Every line from the top of the records through the line containing "El 24 de octubre" should be retyped exactly; the pictures should not.

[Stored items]
+ + + + +

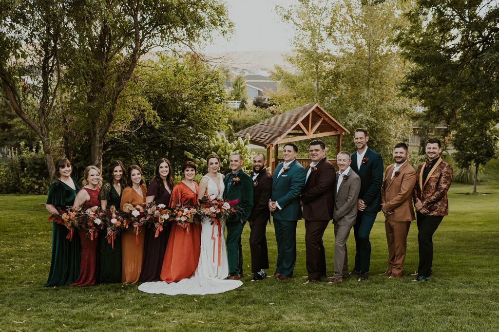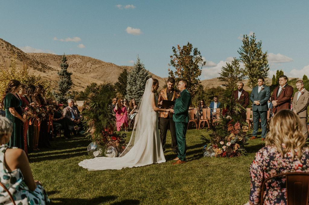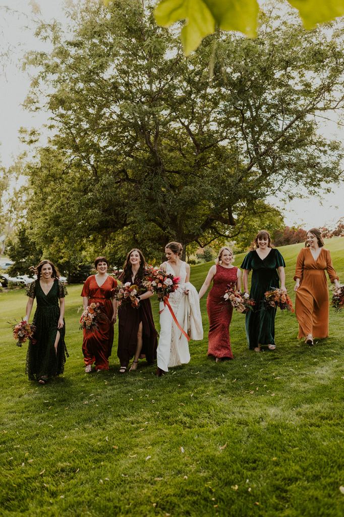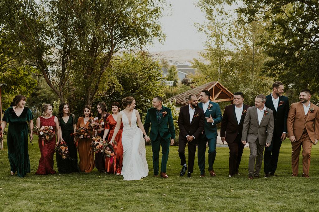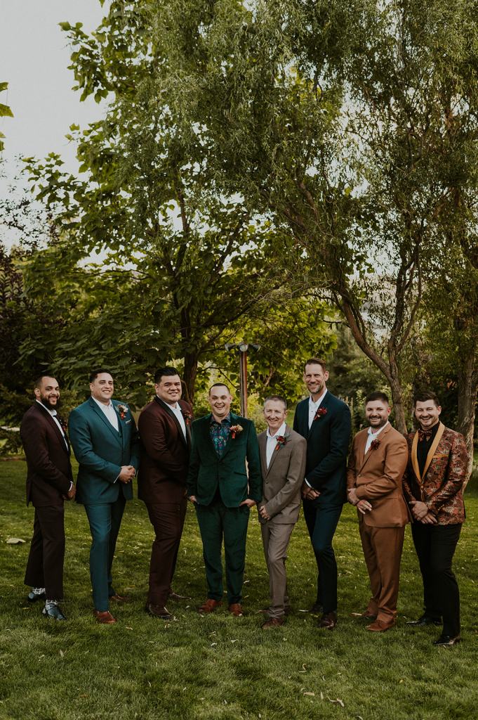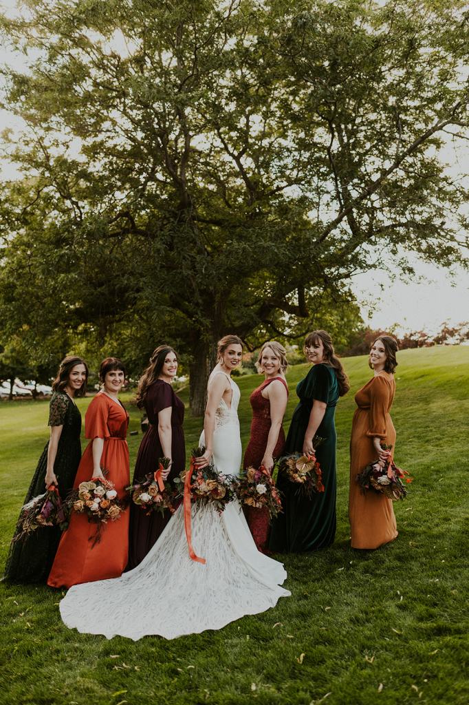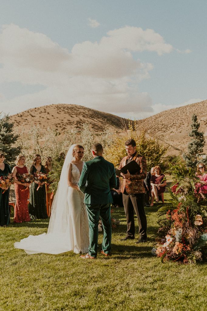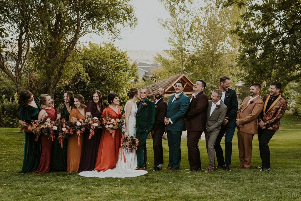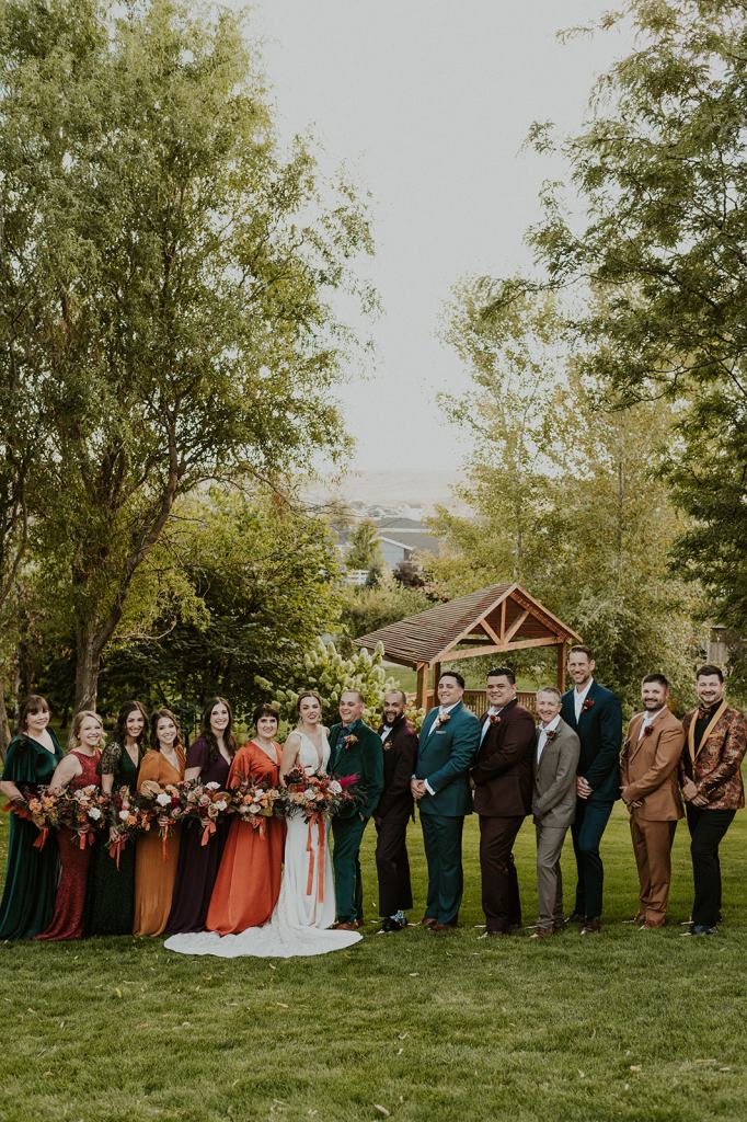 The details by Foxx and Fern were also unbelievable. I have worked with Caitlin before in McCall for Lyndsey and Brett’s Lavish Elopement and her eye for design blows me away. The custom seating chart with jewel toned tassels were adorable. Custom retro designed signage added personality to every table. I couldn’t get over the gorgeous cigar lounge designed for their cocktail hour with a neon sign reading “to the moon and back”. Also, the mismatched jewel toned bridesmaids dresses were incredible! If you love this Stone Crossing Boise Wedding, check out my link’s below 🙂
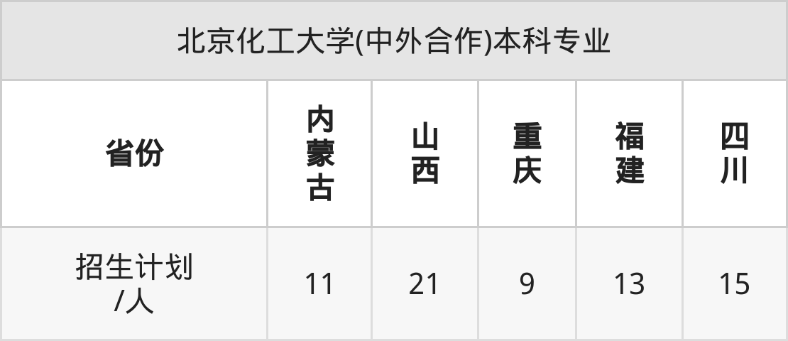 北京化工大学(中外合作)面向山西(21人)、重庆(9人)、福建(13人)、四川(15人)、内蒙古(11人)开展本科招生。其中山西招生批次为第一批本科A1类,其余省份为本科一批。
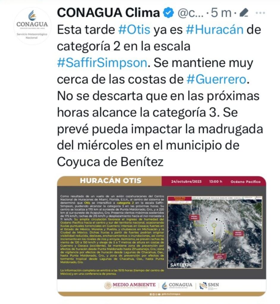 El 24 de octubre se alertaba por el impacto del huracán OTIS, sin duda pocos esperaban que pudiera alcanzar la fuerza destructiva que alcanzó.
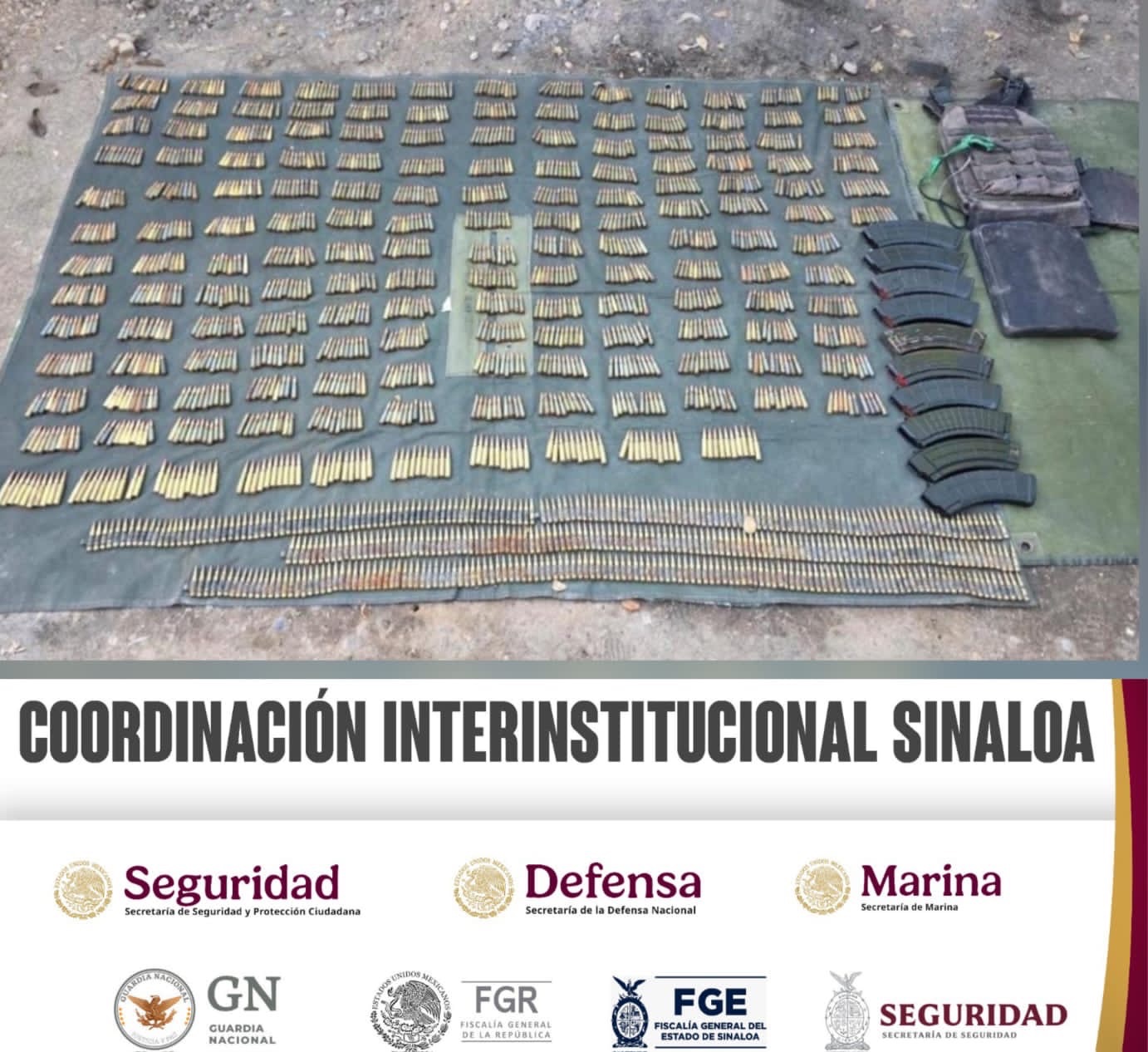 Elementos del Ejército Mexicano, en coordinación con la Guardia Nacional, la Secretaría de Marina, la Secretaría de Seguridad y Protección Ciudadana, la Fiscalía General de la República, la Fiscalía General del Estado y la Secretaría de Seguridad Pública del Estado, aseguraron cartuchos, así como un chaleco táctico.
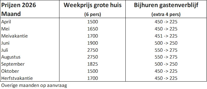 Verhuurprijzen 2026 per week in €
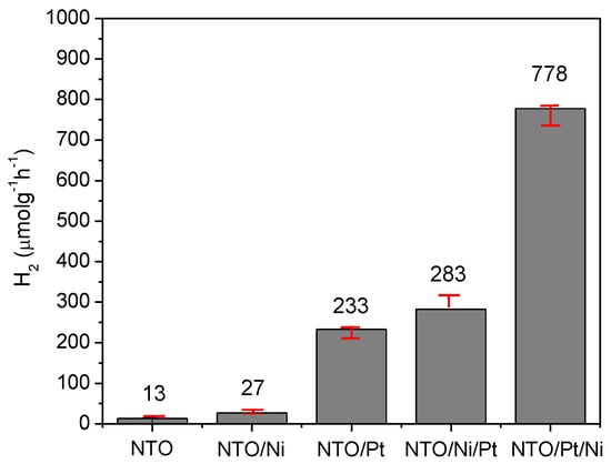 The use of a single co-catalyst (Ni or Pt) on this NTO material leads to an increase in the hydrogen production, moderate in the case of nickel and higher in the case of the Pt, as shown in the same figure. This behavior can be mainly due to the presence of Pt on the NTO surface, which improves the carrier transfer step. Comparison on the effect of Pt and Ni deposition shows more than one order of magnitude improvement (factor 18) for Pt, while Ni deposition hardly favors the hydrogen evolution in relation to the bare NTO, with a two-fold increase [26,48].
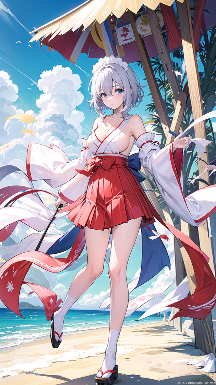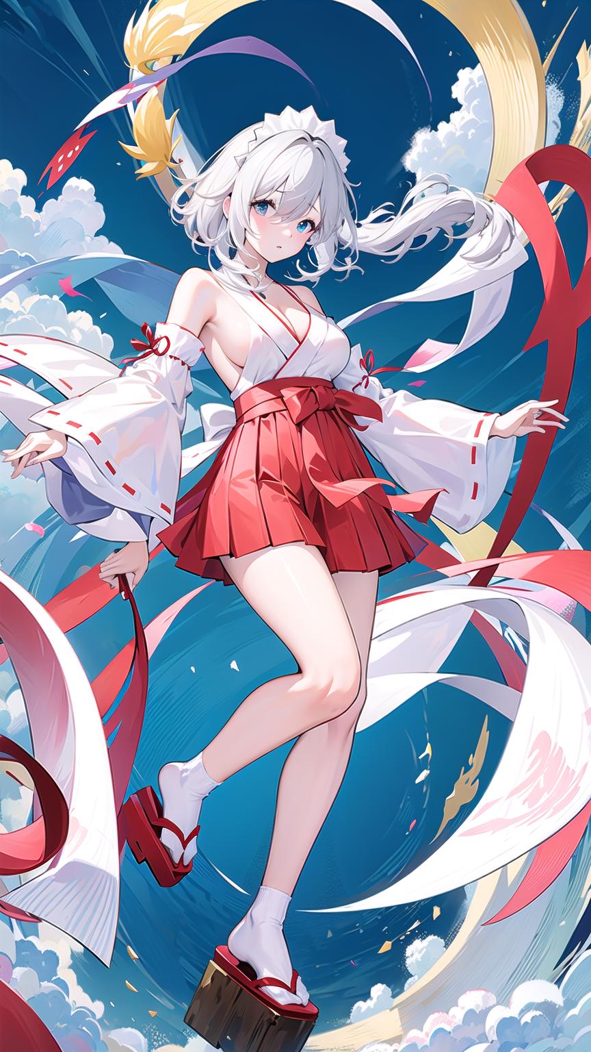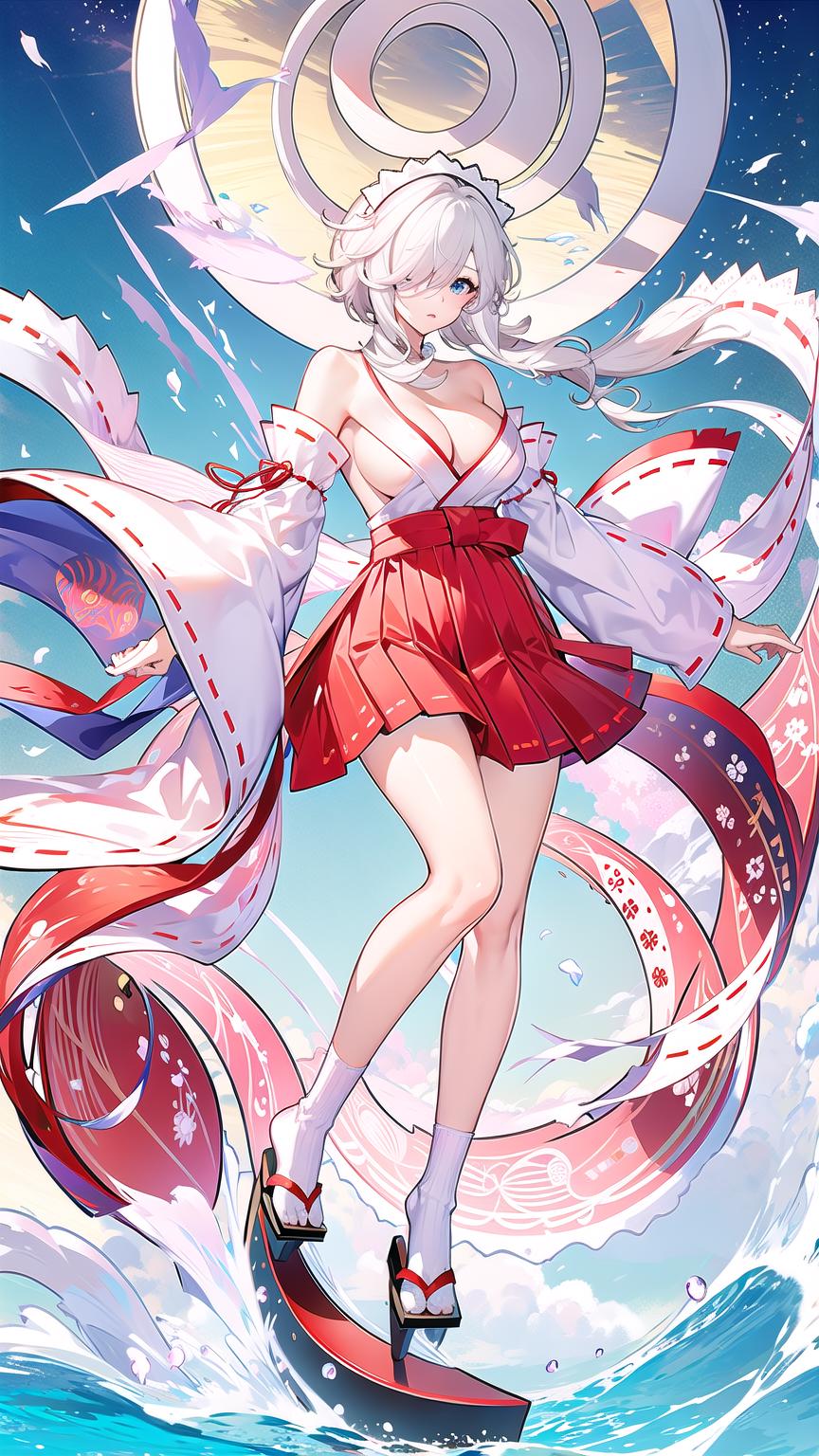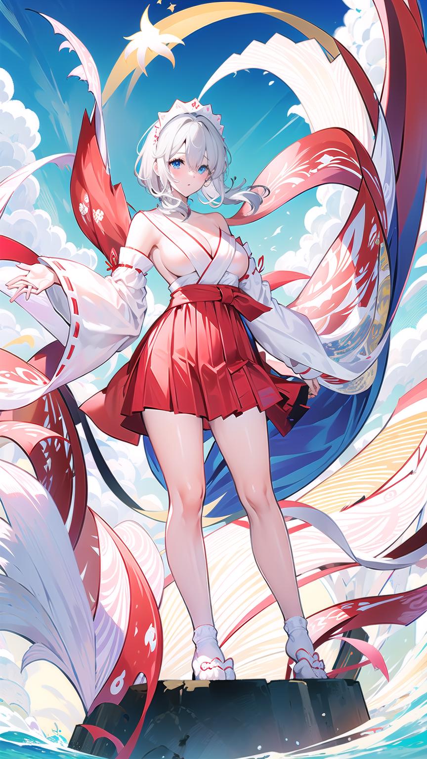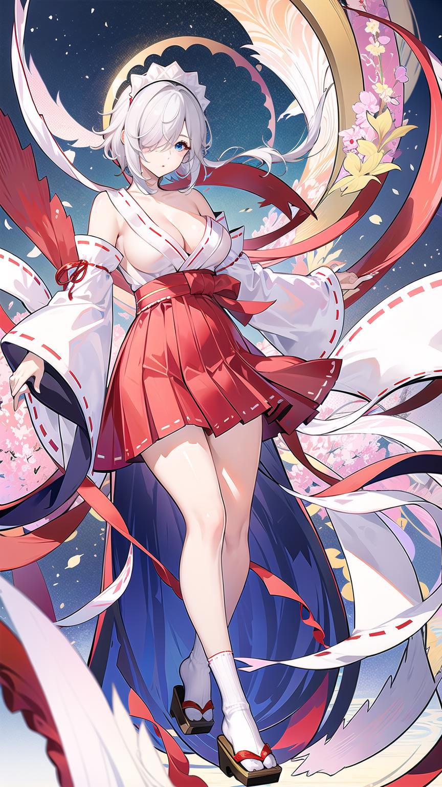 masterpiece, best quality, 1girl, breasts, blue eyes, hair over one eye, skirt, solo, wide sleeves, tabi, large breasts, japanese clothes, white hair, looking at viewer, bare shoulders, holding, full body, red skirt, geta, thighs, hakama, socks, maid headdress, official alternate costume, detached sleeves, cleavage, hakama skirt, short hair, long sleeves, white socks, hakama short skirt, braid, sideboob, red hakama, bangs, kimono,<lora:LunaAzurV1-000008:0.8>, lunaazur,sitting, on field, sky, sky background, clouds,

+ + + + +

» THE ANSWER
 The details by Foxx and Fern were also unbelievable. I have worked with Caitlin before in McCall for Lyndsey and Brett’s Lavish Elopement and her eye for design blows me away. The custom seating chart with jewel toned tassels were adorable. Custom retro designed signage added personality to every table. I couldn’t get over the gorgeous cigar lounge designed for their cocktail hour with a neon sign reading “to the moon and back”. Also, the mismatched jewel toned bridesmaids dresses were incredible! If you love this Stone Crossing Boise Wedding, check out my link’s below 🙂
 北京化工大学(中外合作)面向山西(21人)、重庆(9人)、福建(13人)、四川(15人)、内蒙古(11人)开展本科招生。其中山西招生批次为第一批本科A1类,其余省份为本科一批。
 El 24 de octubre se alertaba por el impacto del huracán OTIS, sin duda pocos esperaban que pudiera alcanzar la fuerza destructiva que alcanzó.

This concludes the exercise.